Description: Negative Log Likelihood (NLL) is a loss function widely used in classification tasks, especially in supervised learning problems. Its main goal is to measure the discrepancy between the model’s predictions and the actual labels of the data. In simple terms, NLL evaluates how well a probabilistic model fits the observed data, penalizing incorrect predictions more severely as the probability assigned to the correct class decreases. This function is based on probability theory and is derived from the likelihood function, where the aim is to maximize the probability of observing the data given the model parameters. In the context of machine learning, NLL is commonly used alongside activation functions like Softmax, which converts the model’s outputs into probabilities. A key feature of NLL is that it is non-negative, meaning it always produces zero or positive values, and its minimum value is reached when the model predicts the correct class with certainty. This property makes it a valuable tool for training classification models, as it provides a clear signal for optimization during the learning process.

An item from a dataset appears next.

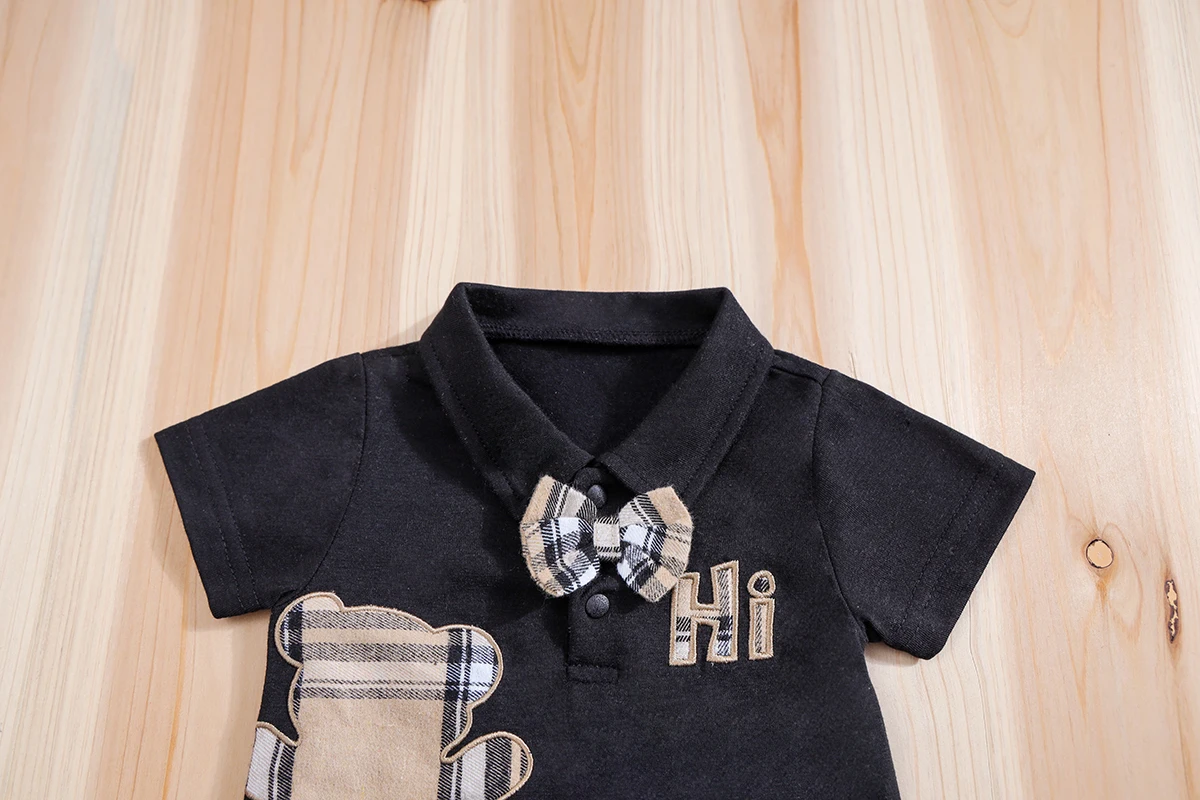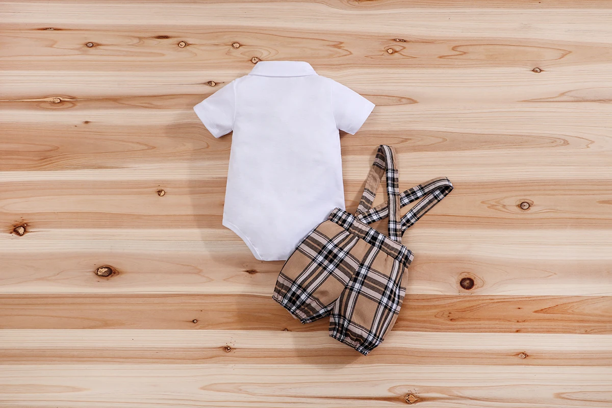 - > Conjunto de roupas de bebê murnxb, 2 peças, manga curta, meninos, infantil, xadrez, urso, body + suspensórios, calças, conjunto geral, roupas para recém-nascidos de 1 a 18 meses

Uses: Negative Log Likelihood is primarily used in classification problems, such as image classification, natural language processing, and fraud detection. It is particularly useful in models that generate probabilities, such as deep learning models, where a precise assessment of prediction quality is required. Additionally, it is applied in logistic regression models and in machine learning algorithms that require a loss function that reflects the probability of classes.
Examples: A practical example of Negative Log Likelihood is its use in image classification, where a convolutional neural network (CNN) model can be trained to identify different objects in images. By using NLL as the loss function, the model adjusts its parameters to maximize the probability of correctly classifying the images. Another example is found in natural language processing, where NLL is used to train language models that predict the next word in a given sequence, thereby optimizing the accuracy of the predictions.